If it requires a person to spend time researching non-open source intelligence avenues then I disagree.

The point is by not doing something a company can gain something. That's not a big ask for the marketing team not to mention names in any public interface.

It's easy to assume that 'nation state' surveillance means that a sophisticated person will hunt down a piece of information. But that's actually quite a resource intensive request.

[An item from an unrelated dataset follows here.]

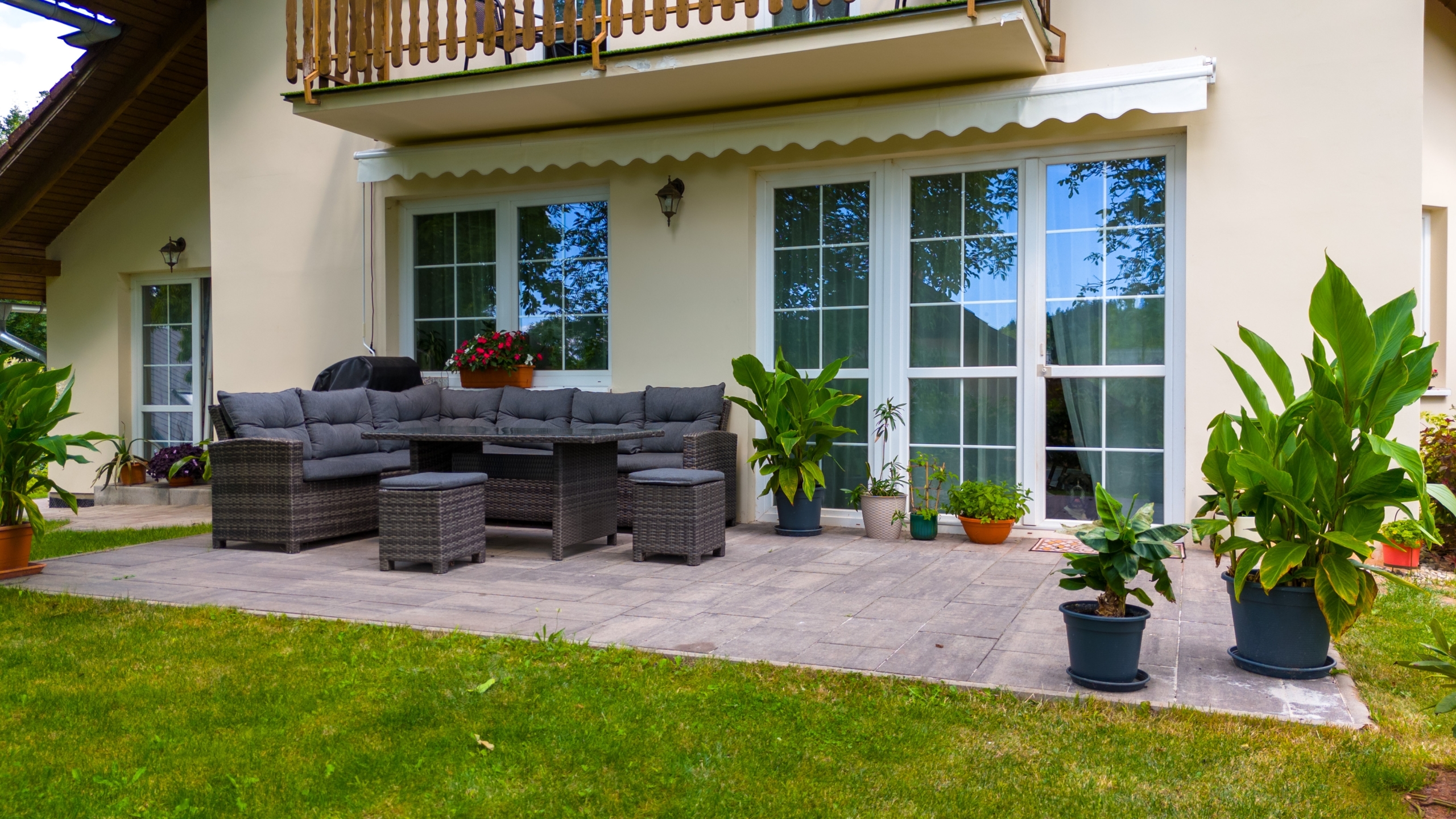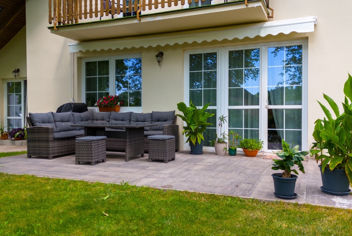 Pozemek je kompletně oplocený, vstup zajišťuje elektrická pojezdová brána na dálkové ovládání. Zahrada je osazena habry, které poskytují soukromí a estetický dojem. V zadní části rostou dva vzrostlé ořechy a třešeň. Na domě je nainstalovaná markýza, pod kterou vzniklo příjemné posezení ideální k odpočinku i letnímu grilování.
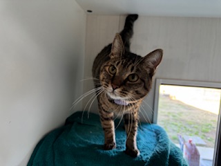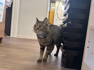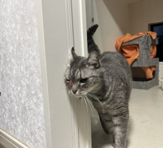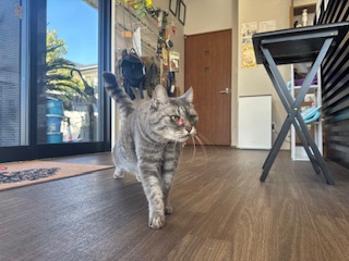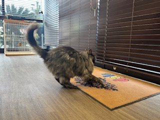 キャットタワーから出てきてお部屋のドアにスリスリしていましたがお部屋の前まででした。。

Quickly finding someones name on publicly available resources and adding it to a list is on quite a different level than having a hacker/trained person hunt down a hidden piece of information that must be triangulated from other disparate pieces of information. And I say this having spent quite a bit of time doxxing people for fun myself - it's a time intensive activity regardless if it was ultimately easy to do. The less information available the much hard it is to do.

1 comments

But it is a pretty much a lost argument here because (1) developers aren't shielded, (2) developers are as vulnerable to social engineering as any infosec (but probably even more vulnerable if said infosec workers are very careful). The issue is the effort is neligible in a manhunt. For non-nation state actors like you and I, sure, it takes a huge effort. But if you don't everyone, then there is very little gain from hiding only people in infosec. In my experience, a lot of developers have production access. Compliance do not care if developers have access or not, auditors only care about if approval is in place and audit report can be produced without tampering. Also, in many enterprise, infosec often don't have access to actual production, they are just managing incident response process. Therefore, it is not usual to see massive social engineering, because it only takes one victim. Even if said victim has no access to most of the data, a breach in network is already a gold mine.

Also, you probably are familiar, sites like LinkedIn can be a great source for getting list of employees, and guessing company email is usually takes some effort once the attacker figures out the naming convention of email addresses.

Anyway, partial information is just as bad as full disclosure when the unhidden secrets are just as useful as the hidden one. So we either hide everything or we don't hide anything.